I’m so drained by the Kavanaugh hearings. That’s all my friends talk about. My buddy Nick Sievert had the best take. “All I know is there’s a Jesuit high school yearbook adviser that really needed to be fired.” He’s right. Who let “boofing” and “devils’ triangle” into the yearbook? Father Lenny Bruce? If I learned anything from this Supreme Court hearing, it’s not to Google “boof.”
I believe Christine Blasey Ford’s testimony.
I believe Brett Kavanaugh downed some brewskis, went upstairs with his pal and in a stupor assaulted her, and I believe him when he claims he doesn’t remember it. One-hundred percent.
Many regrettable actions take place in the foggy abyss of alcohol.
Our senators listened to Ford’s harrowing account of her trauma. Some found her credible, compelling and brave. I did.
All was lost for the Republican cause until Judge O’Flintstone raged like half my relatives sputter when they’re cornered about their drinking by the Missus, don’t ye know. “An innocent man, I tell ye!”
Methinks he doth protest too much. Having known victims of assault and perpetrators of assault, her behavior and his behavior are familiar.
Actress Ellen Barkin said it best with a tweet: ”I have seen men cry like Kavanaugh, the one who cried at my feet after smashing my face thru a glass coffee table, the one sobbing and screaming until I understood it was my fault for making him angry enough to attack me.”
And let me push “pause” just to note that if a woman acted like Kavanaugh did, she would have been dismissed as a hysterical, raging bitch. If a black man acted like Kavanaugh, he would have been cuffed and searched. Any Latino who dared to act like Kavanaugh would have been put on a plane to Mexico yesterday.

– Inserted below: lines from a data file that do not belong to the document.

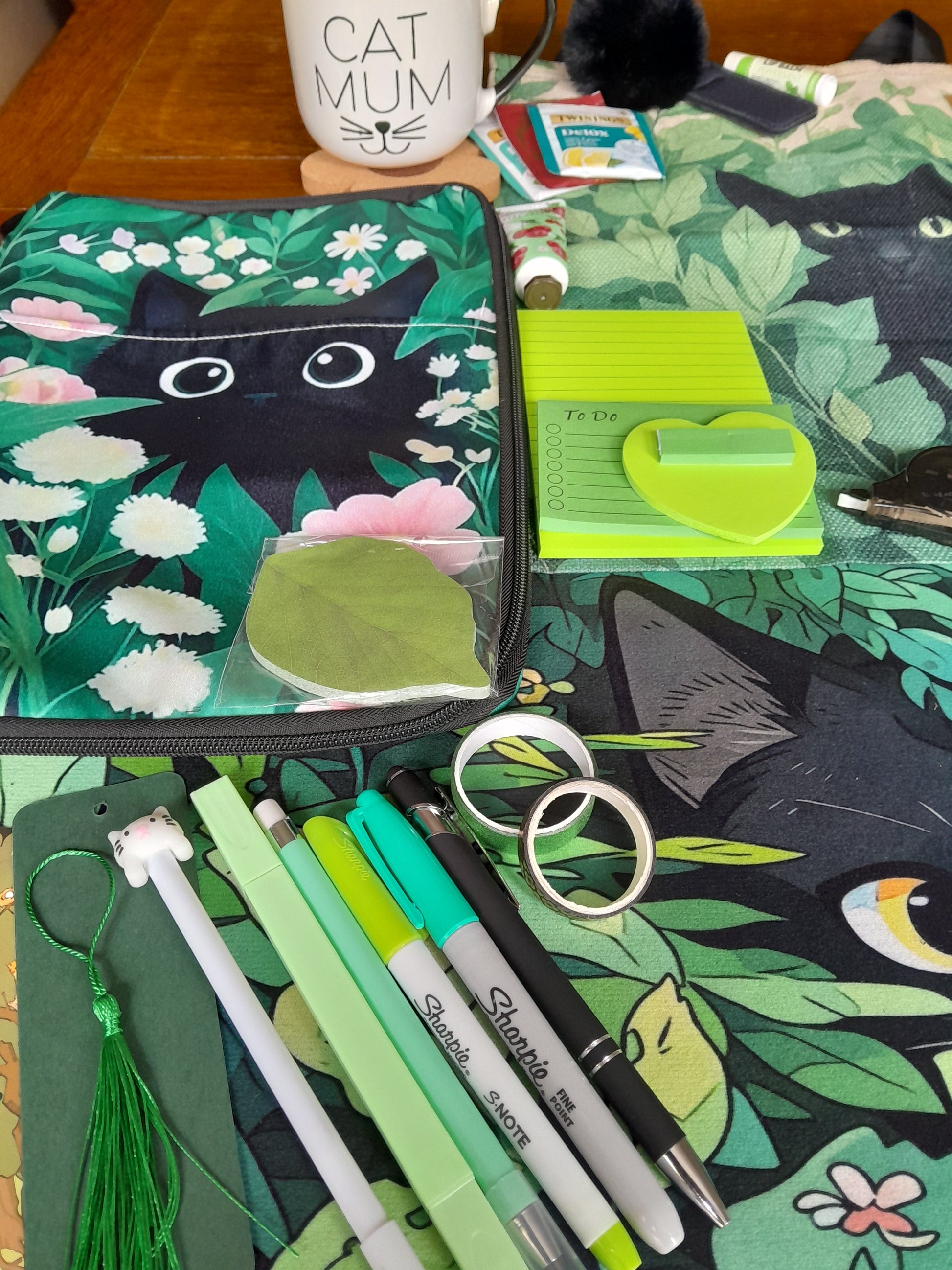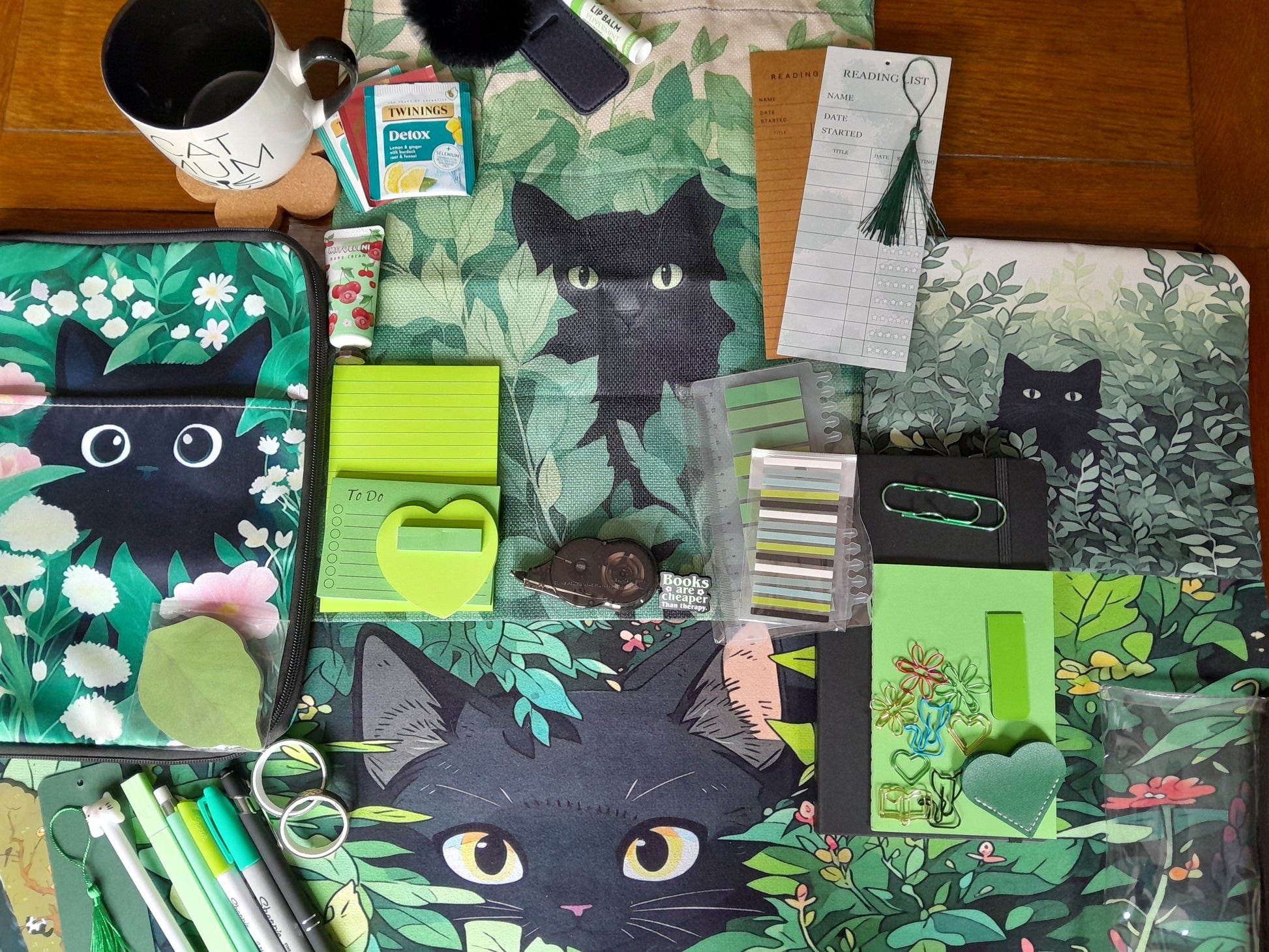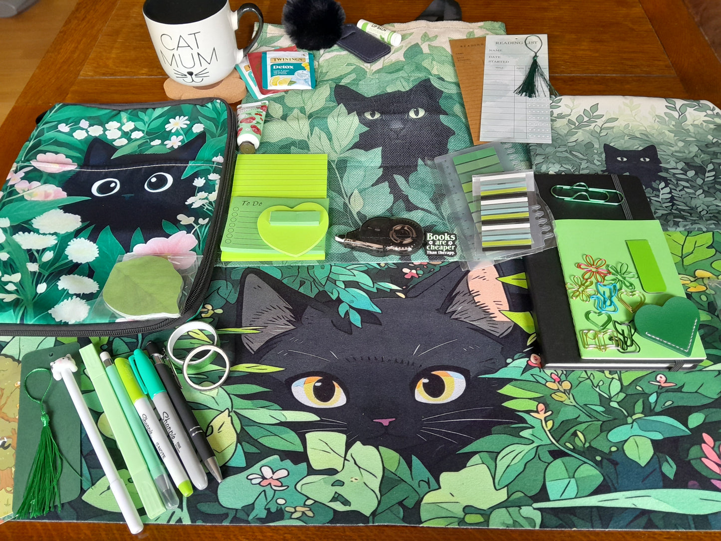 A lovely bundle for the black cat lover. Over 40 carefully selected items for your work space. Includes a desk mat, tote bag, book sleeve, large pencil bag and many other stationery items.
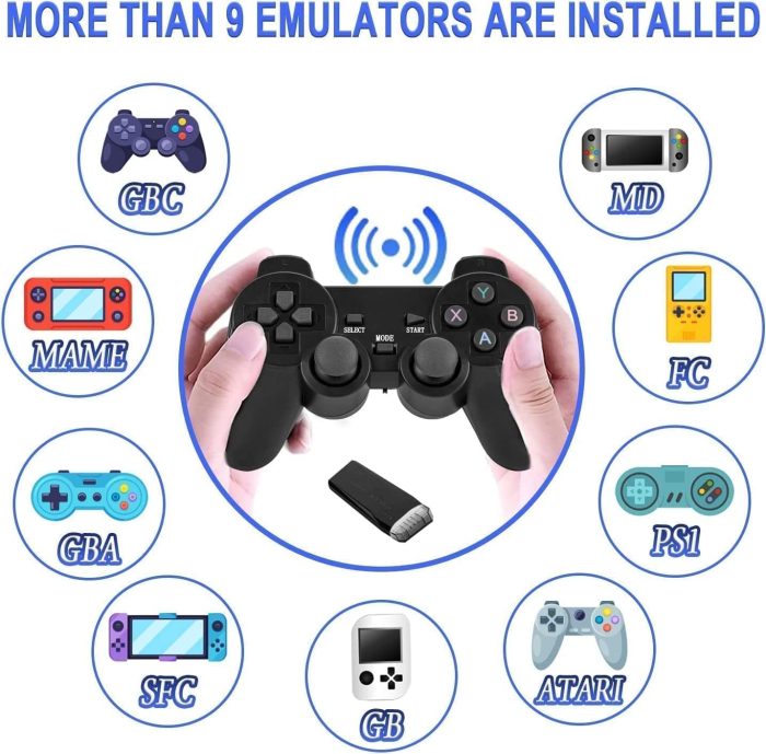 【Upgrated -Smart Game Chip】: wireless TV game console built-in more than 15000+ Games,more than 9 Emulators are installed , and a 64GBTF card is attached which support you to game search functions, and can save/read game records.Use upgraded game chips to support 8-bit, 16-bit, 32-bit, 64-bit, 128-bit emulators. It perfectly meets your needs for image quality and game fluenc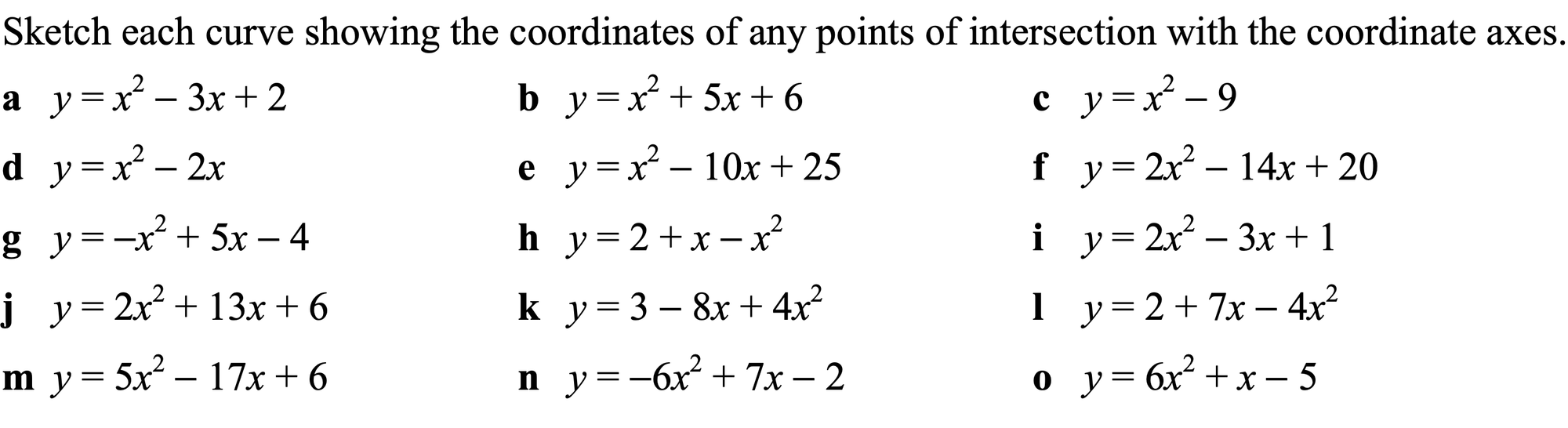 Sketching quadratics

It’s good be a preppy, Brett.
That’s why I’m surprised the president says it’s a terrifying time for men. “Think of your sons! Think of your husband!” What is he talking about? Men should be terrified of being turned into a newt by a witch? Seduced by Greek sirens? Trapped by two-faced gold diggers?
It’s not terrifying for men who have lawyers who can setup hush-money payouts.
I’m just curious. Did the president take Kavanaugh aside and tell him, “You shoulda waited until you were famous. When you’re famous, they’ll let you do anything.”
For profiles in courage, I was inspired watching Republican senators evade women with assault stories in the halls of Congress. When our very own Sen. Jon Kyl, the pride of corporate Arizona, was greeted by women at the Dirksen Senate Office building, he cried out in anguish, ”Will you simply leave me alone!?” Poor, poor man. He almost sounded like a woman being held down against her will. I wanted to hug him.
Ford knew she had nothing to gain and everything to lose. She lost. She did her civic duty and was dismissed from the national stage like a gnat in the path of a speeding locomotive operated by white rabbits constantly checking their pocket watches, her “truth” and her “recovery” be damned.
Ford knew she’d be ridiculed. Golden teaching moment for your daughters, gentlemen. Best have the talk now.
“Princess, if a man touches you in a way that makes you uncomfortable, tell us and we’ll report the bad man immediately so the president of the United States of America can ridicule and mock you and have a good laugh at your expense at some rally in a town called Sling Blade, Mississippi. Now go run along and play.”
I wouldn’t Kavanaugh him on the court for one glaring reason: I don’t like his sneer. It’s a prep-school sneer. I recently had a wealthy preppy friend of mine describe a recent conversation with his lad in college. “Dave, I asked my boy, ’What is the group most discriminated against today?’ He made me proud, Dave. He said, ’White males.’ And I said, “That’s my boy.” He grinned through his prep-school sneer.
I said nothing. Why ruin the night? He paid for the meal.
It’s been a lousy couple of years for those of us looking for positive male role models in the news. My gender is lousy with creeps, and thanks to a sham FBI investigation I will always place Kavanaugh among the ranks of Weiner, Clinton, Cosby, Weinstein, Lauer, Franken, Charlie Rose, Louis C.K. and Garrison “let me warm your powder milk biscuits” Keillor, just to name a few. And Trump is their insulting, unfaithful, leering, groping king.
And the king and all the king’s men had best know that in 2018, Hell hath no fury like a woman voter scorned by her prehistoric senators. This election year, indelible in the female voter’s hippocampus as she contemplates her vote, will be the laughter. The uproarious laughter between you, Mister President, and your fans at that rally, having fun at the expense of a sexual assault victim.